*DATA EXCERPTS*.
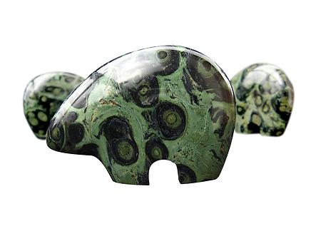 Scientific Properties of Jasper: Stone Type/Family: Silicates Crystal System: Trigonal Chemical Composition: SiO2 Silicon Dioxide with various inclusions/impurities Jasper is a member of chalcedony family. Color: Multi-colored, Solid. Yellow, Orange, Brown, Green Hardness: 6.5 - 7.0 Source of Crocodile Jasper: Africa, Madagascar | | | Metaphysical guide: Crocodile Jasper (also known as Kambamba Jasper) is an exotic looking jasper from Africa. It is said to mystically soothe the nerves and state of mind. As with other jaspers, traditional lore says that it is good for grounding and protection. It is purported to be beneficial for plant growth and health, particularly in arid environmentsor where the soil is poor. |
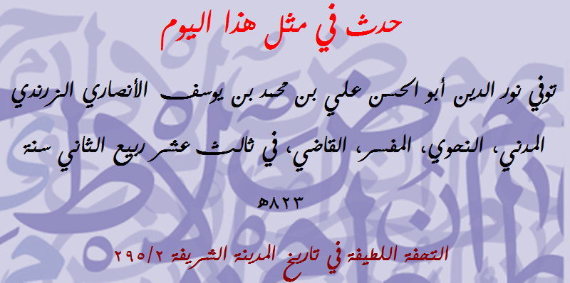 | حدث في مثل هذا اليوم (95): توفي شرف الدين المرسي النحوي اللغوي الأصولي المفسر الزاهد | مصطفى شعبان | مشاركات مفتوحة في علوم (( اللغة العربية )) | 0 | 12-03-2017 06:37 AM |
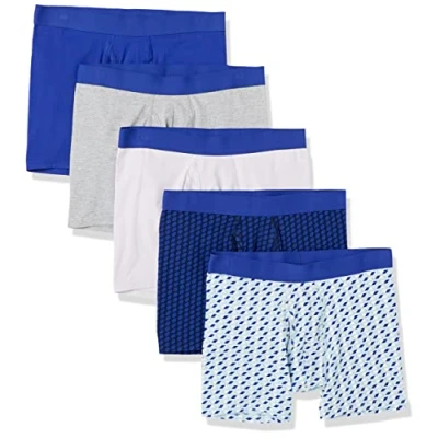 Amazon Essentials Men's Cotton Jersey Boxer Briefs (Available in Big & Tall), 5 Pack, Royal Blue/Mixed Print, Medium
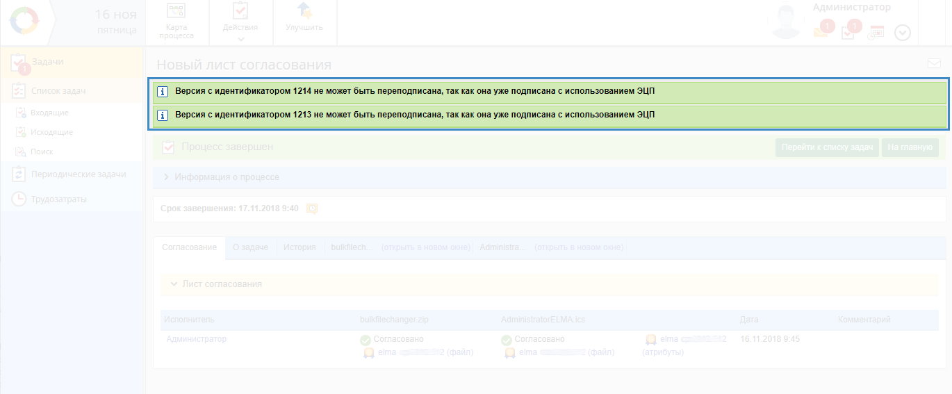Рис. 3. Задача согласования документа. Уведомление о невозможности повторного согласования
...
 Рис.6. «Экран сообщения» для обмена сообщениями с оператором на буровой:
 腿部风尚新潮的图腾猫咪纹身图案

*PROBLEM STATEMENT*. Reproduce the records above exactly, but only from the line with "Scientific Properties of" up to and including the line with "Рис. 3. Задача". Leave the pictures out.

*TASK OUTPUT*.
 Scientific Properties of Jasper: Stone Type/Family: Silicates Crystal System: Trigonal Chemical Composition: SiO2 Silicon Dioxide with various inclusions/impurities Jasper is a member of chalcedony family. Color: Multi-colored, Solid. Yellow, Orange, Brown, Green Hardness: 6.5 - 7.0 Source of Crocodile Jasper: Africa, Madagascar | | | Metaphysical guide: Crocodile Jasper (also known as Kambamba Jasper) is an exotic looking jasper from Africa. It is said to mystically soothe the nerves and state of mind. As with other jaspers, traditional lore says that it is good for grounding and protection. It is purported to be beneficial for plant growth and health, particularly in arid environmentsor where the soil is poor. |
 | حدث في مثل هذا اليوم (95): توفي شرف الدين المرسي النحوي اللغوي الأصولي المفسر الزاهد | مصطفى شعبان | مشاركات مفتوحة في علوم (( اللغة العربية )) | 0 | 12-03-2017 06:37 AM |
 Amazon Essentials Men's Cotton Jersey Boxer Briefs (Available in Big & Tall), 5 Pack, Royal Blue/Mixed Print, Medium
Рис. 3. Задача согласования документа. Уведомление о невозможности повторного согласования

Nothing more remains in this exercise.